There’s the issue that if the outcome is bernoulli, it takes a fair number of outcomes to know what’s going on, and this problem will start to get slow if N gets more than a few hundred. I was working on some other problems where I was interested in the latent variables, and things were getting slow like this. I don’t think it’s just the decomposition either. Having hundreds of parameters is hard for Stan to sample.

Anyhow, the trick for u = L * z; to work is that L needs to be a square root of the covariance matrix. Another way to get a matrix square root (I don’t think matrix square roots are unique) is to use an eigenvalue decomposition ( For RBF kernels, the eigenvalue decompositions are known (

That doesn’t quite help us cause the eigendecomposition is an infinite sum (eq. 4.37 in, but if we just choose a cutoff for that sum, we get a convenient approximation. If we do that, we can build an approximate NxM matrix L (where N is the number of data points and M is the number of eigenfunctions to include in the sum) that approximates our original RBF covariance matrix K.

What’s cool about all this is that

  • We can construct our approximation to the square root of our covariance matrix directly (no decompositions necessary). It consists of Hermite polynomials, so we can do this recursively. Building the matrix is O(NM) (as compared to O(N^2) for building the full covariance matrix and O(N^3) for doing the decomposition).

  • We control how many latent variables we want to estimate (so if things are really low frequency, we don’t include many)

I think this is basically the same as a Karhunen-Loeve transform for the RBF. The math that goes into this comes up ton in all this stuff that touches RBFs.

Anyway, so as a real quick practical example of this, I took Russell Westbrook’s made-missed shots from the 2015 season (or at least most of it – not sure if the dataset is complete). It’s an r/nba think to talk about how in 4th quarters of games Westbrook turns into Worstbrook (as opposed to Bestbrook), so the idea is maybe we could estimate Westbrook’s shooting percentage not as a single number, but as a function of the game time (and see the difference in Bestbrook and Worstbrook). There are 1438 observations in the dataset. I’m estimating only the length scale for the RBF. With this dataset, estimating length scale + the covariance scale leads to divergences (even in the exact model – checked on a smaller dataset). I used ten eigenfunctions in the approximation.

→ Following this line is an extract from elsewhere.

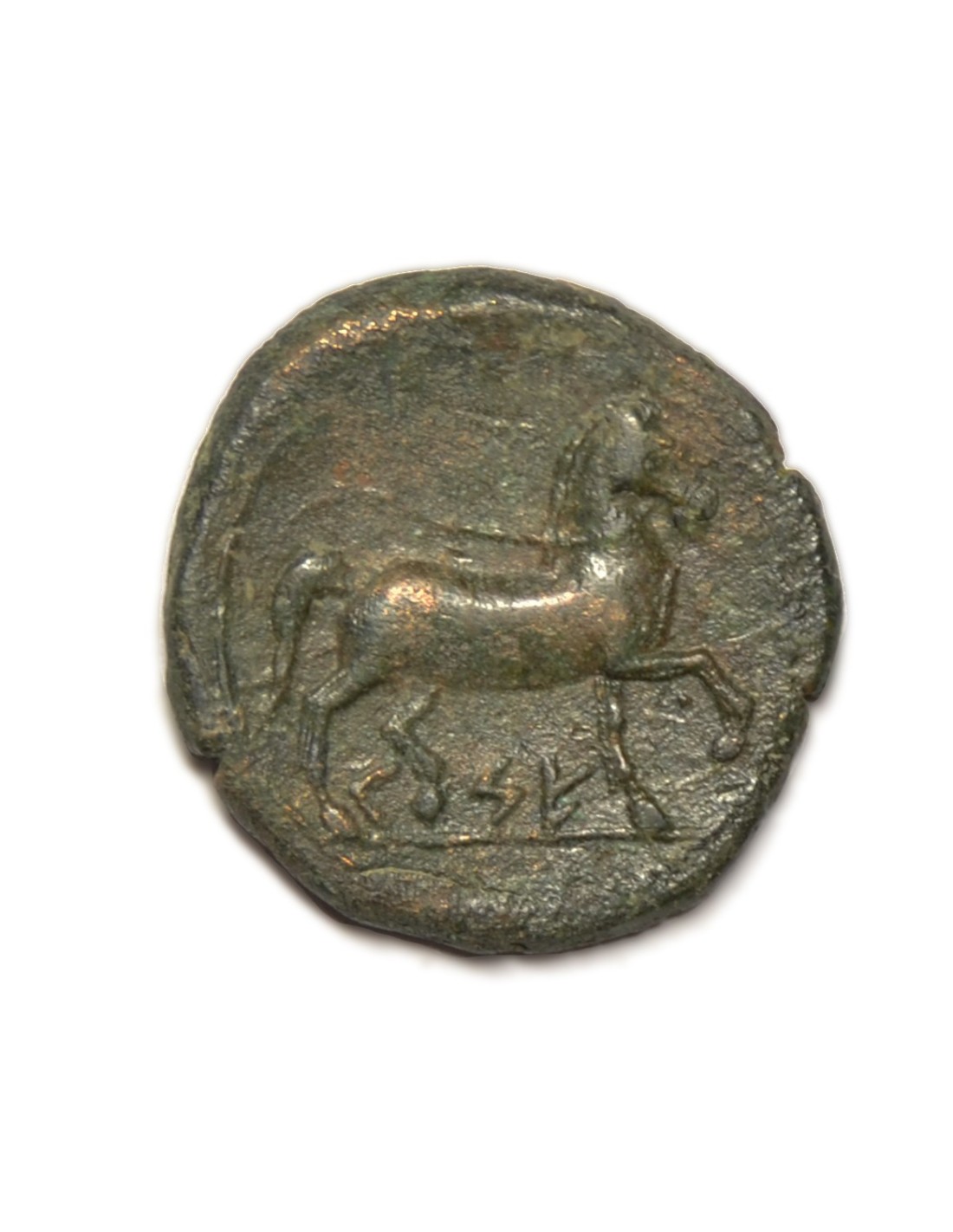 R/Caballo al trote con riendas sueltas; debajo sobre línea inscripción ibérica KESE.

The four errorbars show the estimates you’d see just estimating his shooting percentage by grouping on quarters (that’s a 95% interval for those). I don’t think this plot makes a terribly compelling argument for the existence of Worstbrook vs. Bestbrook, but I guess this is about the algorithm so I’ll avoid talking about the weaknesses with this model :D (2s and 3s lumped together, for starters).

The model is here:
The code to run that is here:
The data is in that repo as well.

Anyhow, there’s a fair number of details that go into this that I haven’t listed now. Lemme run through them:

  • There are two fixed parameters that go into the approximation, one is the number of eigenfunctions and the other is a ‘scale’ parameter. They are explained here ( The easiest way to understand what is going on is to read section 3 in that and then experiment. I have a script for this here: . What happens in a bad approximation is that the approximate covariance matrix goes to zero for entries corresponding to points that are far away from zero. (read next point)

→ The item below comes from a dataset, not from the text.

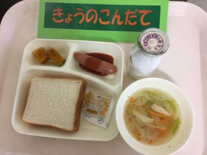 今日の給食は「フランクフルトのケチャップソース、スープ、焼きかぼちゃ、食パン」です。

  • The approximation will work much better if the mean of the independent variable x is zero! The approximate kernels are not translation invariant or stationary or however you think about it! Here’s a picture of the first ten eigenfunctions (scaled by the square root of their eigenvalues). The approximation will fail if there is data out near the boundaries (< ~-1.2 or > ~1.2) cause all the eigenfunctions are near zero there:

  • Here is an approximate covariance matrix with the domain extended to see where the approximation fails (same expansion as above):

  • You can monitor the accuracy of this approximation online. If L is the approximate square root of the covariance matrix, max(abs(cov_exp_quad(x, sigma, l) - L * L')) is the error. You can do this in a generated quantities block. In reality though, you want to choose a subset of your points x to do this. Building the NxN covariance matrix in the generated quantities block can quickly dominate the time spent in inference. Here is log10 of the max error in the approximation for the plot above (plot on the left is the Westbrook inferred length scale for the time axis – for the inference I mapped 0->48 minutes to -0.5 -> 0.5, and the length scale is relative to this):

  • The expansion behaves like a Fourier transform in that the first few modes are lower frequency and the later ones are higher and higher frequency. So approximating lower frequency things is going to be easier.

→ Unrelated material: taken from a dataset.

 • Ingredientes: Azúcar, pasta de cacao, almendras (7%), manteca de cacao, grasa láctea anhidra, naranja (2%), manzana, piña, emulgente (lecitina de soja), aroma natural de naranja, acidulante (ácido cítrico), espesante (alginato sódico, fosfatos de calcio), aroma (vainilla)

  • The run with M = 10 (cores = 4, chains = 4, iter = 2000) takes about a minute for this data on a server computer with 2.3Ghz cores. With M = 20 it takes a little over 2 minutes (and the max error in the approx is down around 10^-14 consistently). The performance usually scales worse than linearly in the number of eigenfunctions included.

  • With the eigenfunction version of the problem, you’re working with something that is more like basis functions than Gaussian processes. It’s easy to interpolate and make predictions at points away from where your data is. Each point just requires another length M dot product.

  • It’s easy to get derivatives and integrals (just think of things as basis functions that happen to be a product of exponentials and hermite polynomials and have at it – derivatives can be written down analytically, probly can get definite integrals too).

  • I honestly don’t know how using this compares to just using a nice set’o basis functions. Probably computationally about the same thing. I think the RBF kernel is easy to think about though, which is nice.

  • Multidimensional input works out fine. You can just build two Ls for different independent variables and then do the elementwise product to get the multidimensional one (this might not be clear, but it is covered in If you’re interested in sums of RBF GPs, you’ll need to estimate the latent variables of both and sum them (I don’t think there’s a shortcut for this).

Since it’s so easy to get predictive things out of this approximation, you have a ton of flexibility about using this in weird models. Here I fit a spatially varying diffusion coefficient in a simple PDE IVP (Stan model: – if anyone wants the R to run this let me know).

Equation is dc/dt = d(D(x) dc/dx)/dx
With initial conditions: c(0, x) = 0
And Dirichlet boundaries: c(t, -0.5) = c(t, 0.5) = 1)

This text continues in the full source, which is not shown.